Гледис, точно испугавшись его проникновенного, чуть ли не трагического тона, тут же захлопнула створки раковины:

— Это все потому, что ты относишься к жизни всерьез, на разрыв аорты (она читала Мандельштама), а жизнь того не стоит, жизнь — это шутка (она читала Оскара Уайльда), игра, в которую мы все играем (Шекспир), соблюдая некоторые условия игры, а то и не соблюдая никаких (она читала всякую чушь!). И ты соткан не из одних достоинств. Ты прежде всего плохой партнер, ты совсем не слышишь своего партнера!

Да, замутилось чувство, и постепенно прошла очередь других слов и реплик в разыгрываемой пьесе. Гледис не сразу спохватилась, обнаружив в один прекрасный день, как много у нее уже отнято, а все отнимают и отнимают... Юра произносил монолог за монологом, требуя от Гледис ясности и определенности, на что следовали монологи Гледис, которая, в свою очередь, требовала определенности и ясности, но совсем иного рода — диалога уже не получалось. И все слова о любви, да о любви несчастной, точно других тем уже нет на свете!.. Впрочем, правда! О чем на свете стоит говорить, как не о любви! Без любви мы все, министры и поливальщики улиц — никто, не министры и не поливальщики, а страдающие, полусумасшедшие люди с иссохшей от горечи душой, и вокруг нас на тысячи верст простирается пустыня, кишащая скорпионами, сухая, как гортань жаждущего, земля. Прокляты те, чье сердце, как верблюд, может долго-долго и еще столько же существовать без пищи, и воды, и слез, конечно и слез.

Первые слова признания теперь вспоминались Юрой чуть ли не со стыдом: «Я готов молиться звездам, потому что они светят над тобой...»

— Влип в тебя, как муха, — довольно добродушно говорил теперь Юра, и это изменение лексикона свидетельствовало не столько об охлаждении чувства, сколько об ином отношении к самой Гледис.

— Да, как в клейкую бумагу, — соглашалась Гледис, гладя его по голове.

— В паутину, которую ты для меня сплела, — поправлял Юра.

— Кто для кого сплел — еще вопрос.

Каждый отстаивал свою правоту, затрачивая огромные душевные силы, один другому ни пяди не уступал из того, что, казалось, ему принадлежит по неведомому закону; каждый что было сил расшатывал свое чувство, но, расшатанное, болезненное, оно еще больше связывало их и сковывало душу.

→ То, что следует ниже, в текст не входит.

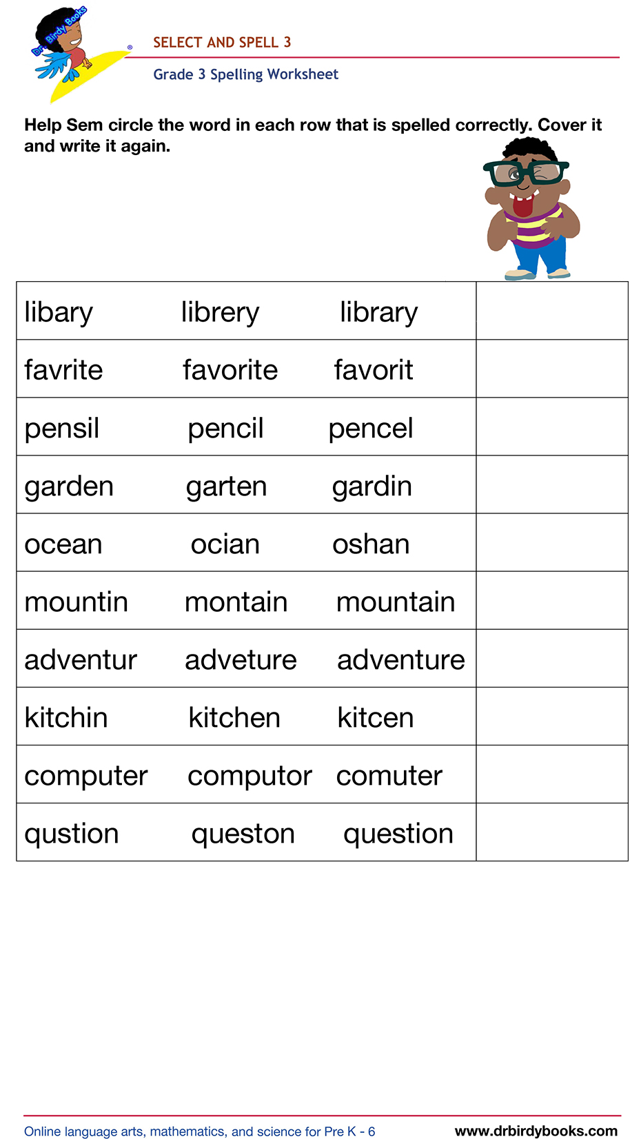 This engaging Grade 3 worksheet helps students practice selecting the correct spelling of words and writing them, making spelling fun and effective!
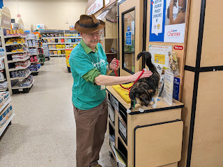 Next up the two kittens, FLEECE & FLANNEL, wanted attention but were too shy to come out, especially the lighter, fluffier one. So they played in their cage. They liked the smell of catnip but best of all were gopher games involving sticks and strings, especially the chopstick. I snatched up the bolder of the two (the darker one) to let him explore. This led to difficulties. He dashed around the room, too skittish to let me pick him up and unsure whether he cd make make the leap back up into his cage on his own. We resolved the problem by putting one of the large, hard-topped cat-carriers with a towel on top just outside (below) his cage. That did it: he jumped from floor to carrier-top to inside his cage, I think pleased with himself. His partner had no adventures, which is probably just as well.
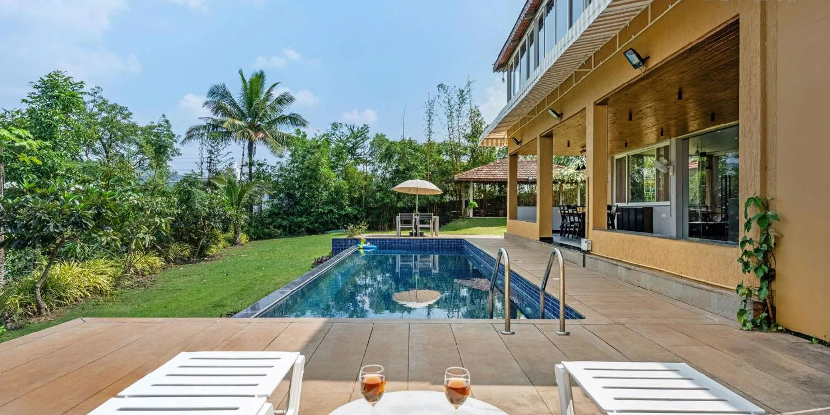 Nhìn ra hồ bơi, StayVista at Countryside Meadows with Pool, AC cung cấp chỗ nghỉ có hồ bơi ngoài trời và sân trong, cách Trường đại học University of Pune khoảng 31 km.
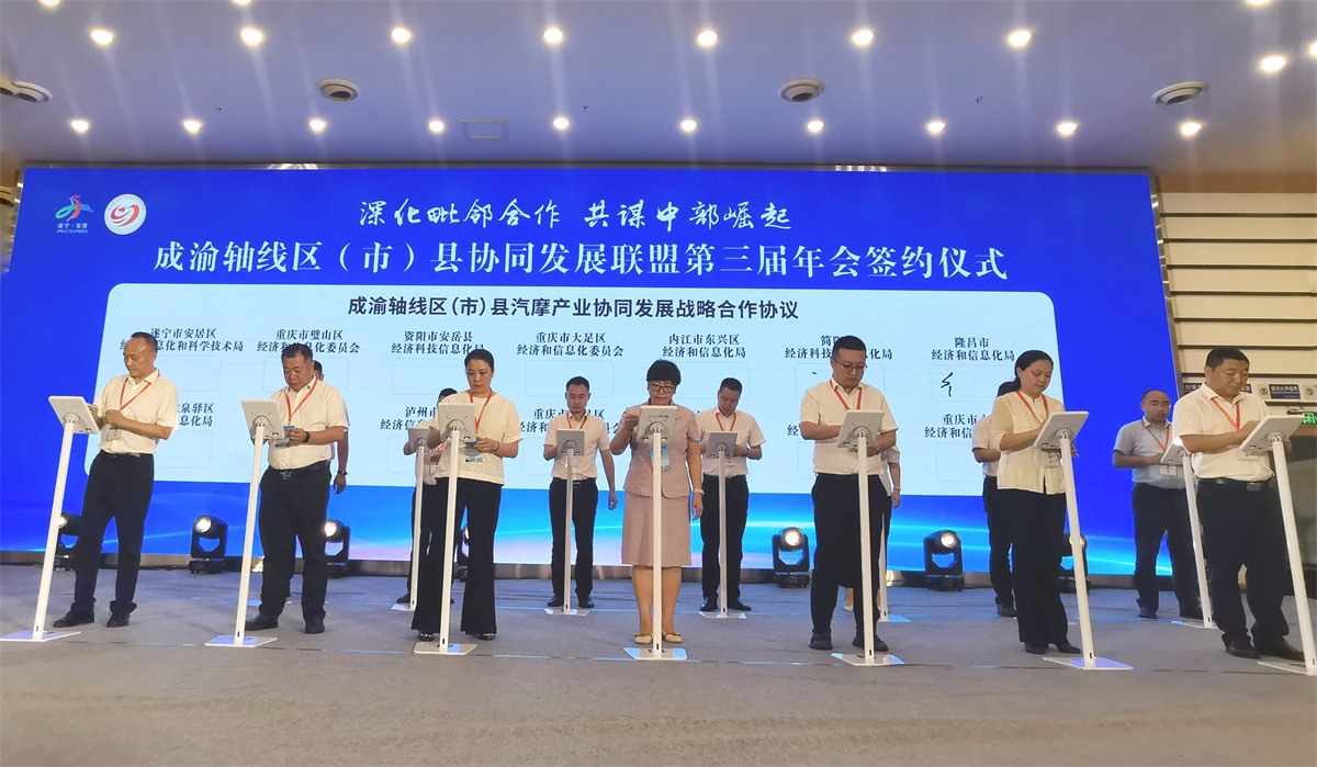 在会议现场,成渝轴线上14个区(市)县正式签署了《成渝轴线区(市)县汽摩产业协同发展战略合作协议》。
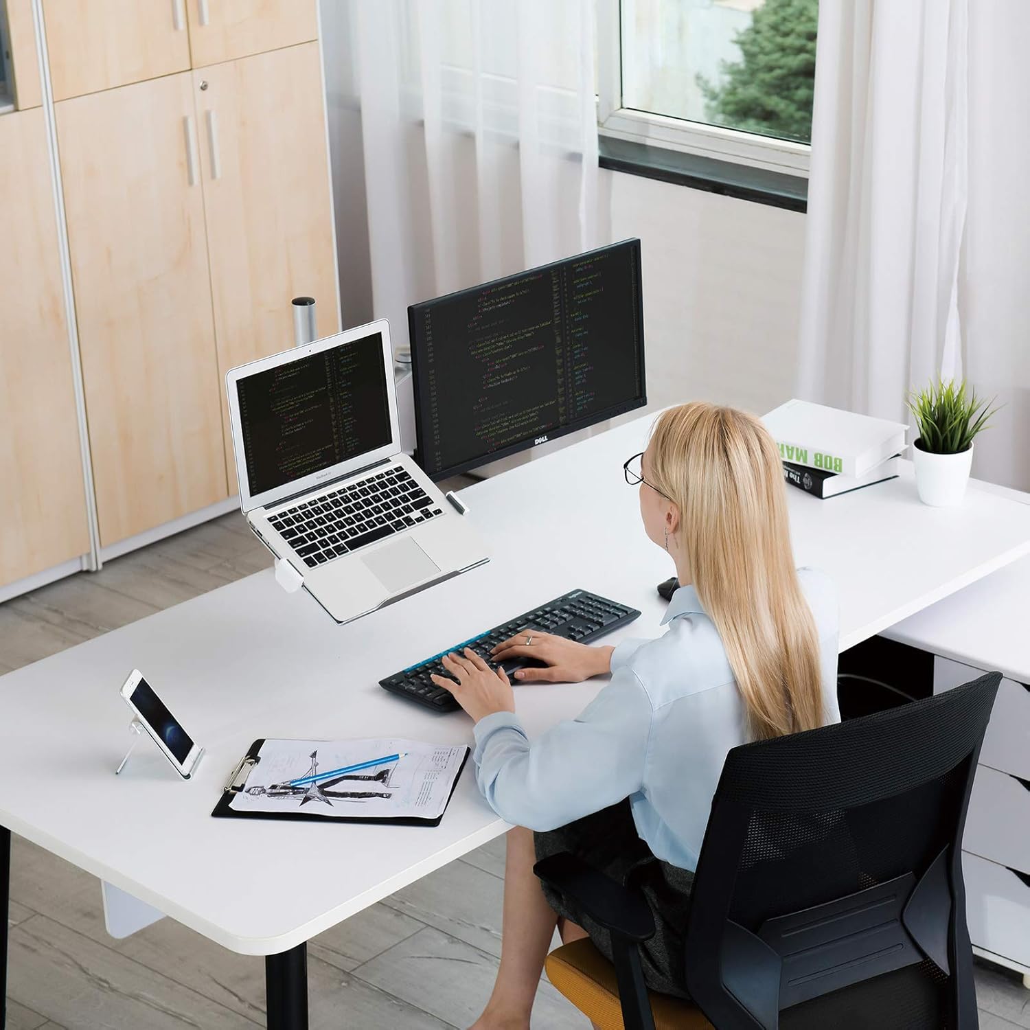 - Ergonomischer Schreibtisch: Stellen Sie Ihren Monitor und Laptop in die bequemste Position, um die Belastung von Nacken und Schultern zu reduzieren, Ihren Arbeitsbereich zu organisieren und Ihre Effizienz zu verbessern.

Временами Юра переносил жизнь как зубную боль. Иногда он с облегчением думал: «Да ведь я вовсе не люблю ее», так была сильна его ненависть к ее бутафорскому миру. «Нет, как будто не люблю, просто увлечение, с которым надо бороться, жизнь с ней не прожить, слишком в ней сильны беспокойство и суета. Да, просто увлечение, просто первая женщина, в жизни каждого мужчины это бывает, на всякой не наженишься. Да, любовь моя, роса уже высохла с этих слов, и с меня хватит!»